Keeping it Real Art Critics (KIRAC) lays out their program in very explicit terms in this video. I find it admirable, a project that attempts the recuperation of art collecting one individual at a time... a deliverance from the view of art as a disposable status symbol in global high society and as a cynical, fungible form of currency.
You can support KIRAC's project here.
KIRAC Website is well worth a deep dive.
Here's a quick dive into this weblog's search engine to demonstrate my previous statements about this issue...
SNIP 1:I've written elsewhere in this weblog about the need for the restoration of love in the our art world. The topic of this post is another way to talk about re-centering our regard for value. I am referring to this -perhaps obliquely during studio visits with fellow artists, when I ask "...where do you think we are in art history and where do you think we are going?" I'm looking for an art that is not about churning out more stuff, but instead imbued with purpose and vision that has a regard for the grandeur all that art has become to this moment. We need every player in the art scene today moving forward to find motivation in an intensity of the regard, another word for love. Collectors should consider themselves as expressive with their collections as artists are with their art materials.
Where is the love? This is the biggest question that should preoccupy our art world: where is the the love in art today? Is it possible to appeal to collectors regardless of their status to love jealously the assembly of their collection? It is possible to convince either collectors or museums that when they consider deaccession, they are precisely lowering the value of that particular art work? Is it possible for artists to again make art from a pure and jealous love of art alone, outside of any calculation of potential interpretation and career advancement? Can artists yet do this in the face of possible oblivion, the ultimate test? Yes, this is romance. In exactly what kind of world is the romantic a bad or naive quality?

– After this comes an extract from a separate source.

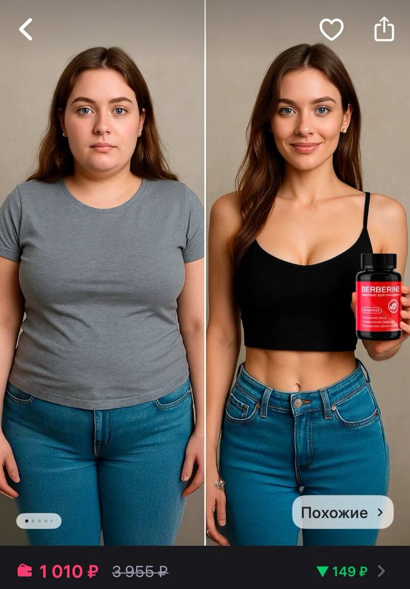 До / после При выборе любого уходового, косметического или лекарственного средства хочется увидеть результат в действии. Вообще лично мне очень нравится смотреть на фотографии до/после. Например, до и после похудения, пластической операции, макияжа, любого другого преображения. На этом эффекте же построена целая передача — «Модный приговор», если кто-то такую помнит. Вместе с тем карточки на маркетплейсах превратились в насмешку над этой концепцией. Если раньше «до/после» рисовали в фотошопе, то теперь нагло используют даже изображения, созданные нейросетями.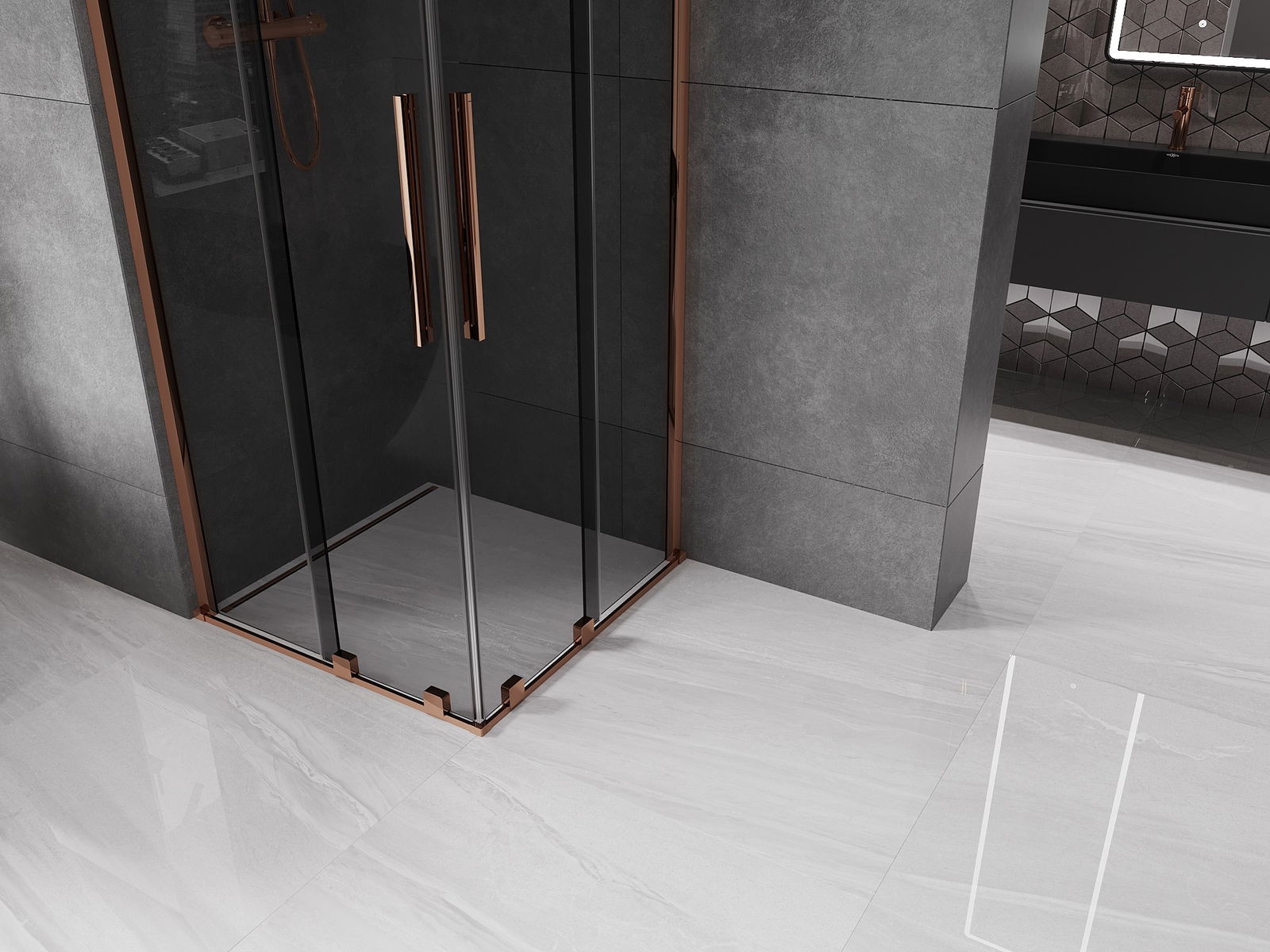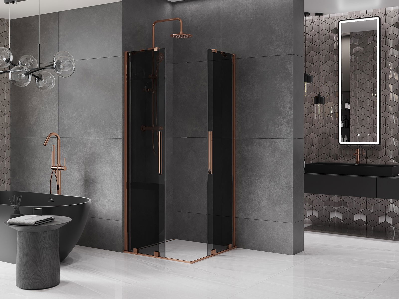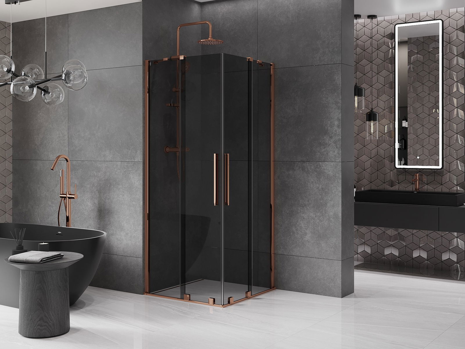 Mexen Velar Cabine de douche coulissante Duo 90 x 90 cm, graphite, or rose - 871-090-090-42-60

Let's trade out the idea of safe investments with passionate collections. My friend referred to real art collecting as an illness, to gather up things past reason or practicality. To buy more art than you can hang on the walls of your home. To show only your closest friends those things you've found and are honored to be a custodian for your lifetime. Love can be like an illness, to be lovesick. To be head over heels. To be made mad by love.
(The Alfie reference)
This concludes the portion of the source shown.